Supplied entries
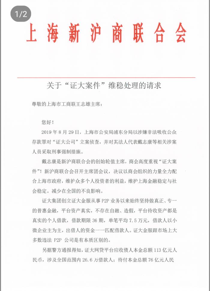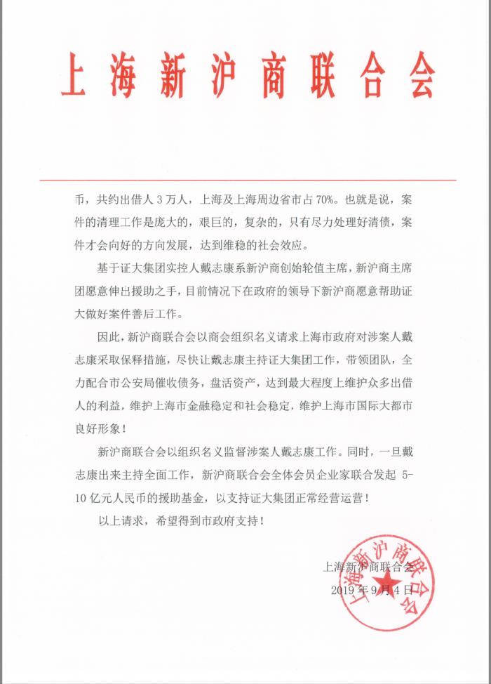 这份文件提到,基于证大集团实控人戴志康系新沪商创始轮值主席,新沪商主席团愿意伸出援助之手,在政府的领导下,新沪商愿意帮助证大做好案件善后工作。
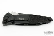 This Socom Elite Auto from Microtech has two toned drop point blade with notched thumbrest. The handle has a black aluminum frame with non-slip rubber inserts and a tip down stainless steel clip, black hardware. Dated 11/2022 and S/N 7969. Includes original box and paperwork. Excellent Condition.
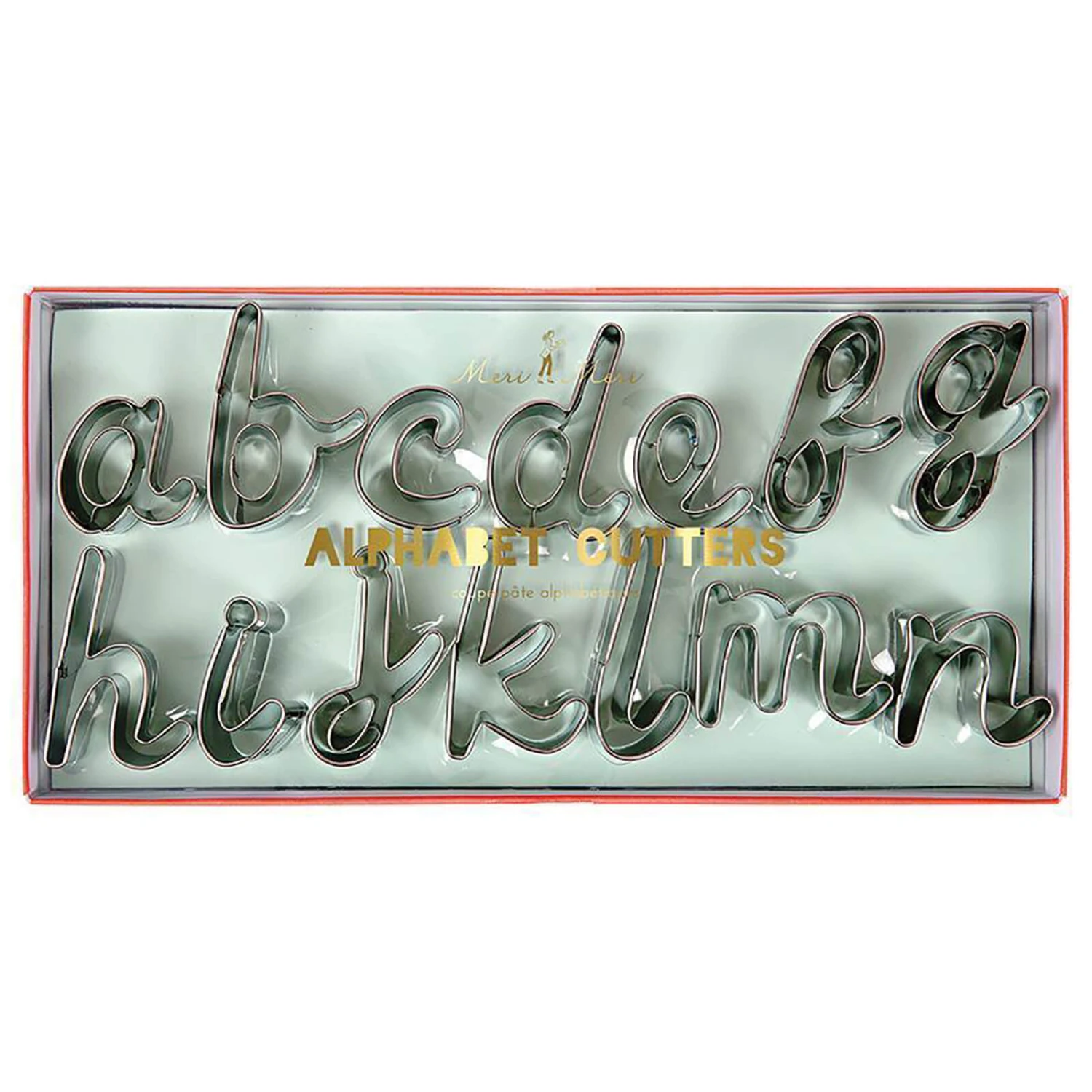 Alphabet cookie cutters by Meri Meri. Create delicious messages, names or simply celebrate the beauty of letters with these brilliant alphabet cookie cutters. Made from stainless steel. Pack of 27.
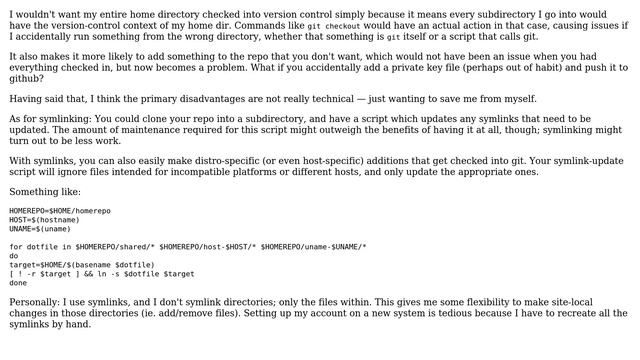 Unix & Linux: Are there pitfalls to putting $HOME in git instead of symlinking dotfiles?
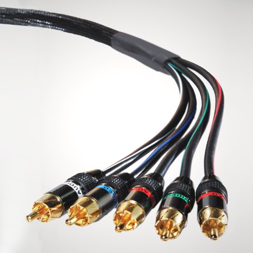 Constructed with coaxial cable that is dual shielded with copper braid over aluminum foil. Jacket is soft and flexible PVC, encased in a high-grade durable nylon sleeve. Professional grade quality heavy duty connectors are 24k gold plated for ultimate conductivity. The fourth and fifth cables are used to connect left and right stereo audio.

Problem requirements
Write out nothing but the lines from the start of the data through the line with "Unix & Linux: Are". Leave out the pictures.

Result
 这份文件提到,基于证大集团实控人戴志康系新沪商创始轮值主席,新沪商主席团愿意伸出援助之手,在政府的领导下,新沪商愿意帮助证大做好案件善后工作。
 This Socom Elite Auto from Microtech has two toned drop point blade with notched thumbrest. The handle has a black aluminum frame with non-slip rubber inserts and a tip down stainless steel clip, black hardware. Dated 11/2022 and S/N 7969. Includes original box and paperwork. Excellent Condition.
 Alphabet cookie cutters by Meri Meri. Create delicious messages, names or simply celebrate the beauty of letters with these brilliant alphabet cookie cutters. Made from stainless steel. Pack of 27.
 Unix & Linux: Are there pitfalls to putting $HOME in git instead of symlinking dotfiles?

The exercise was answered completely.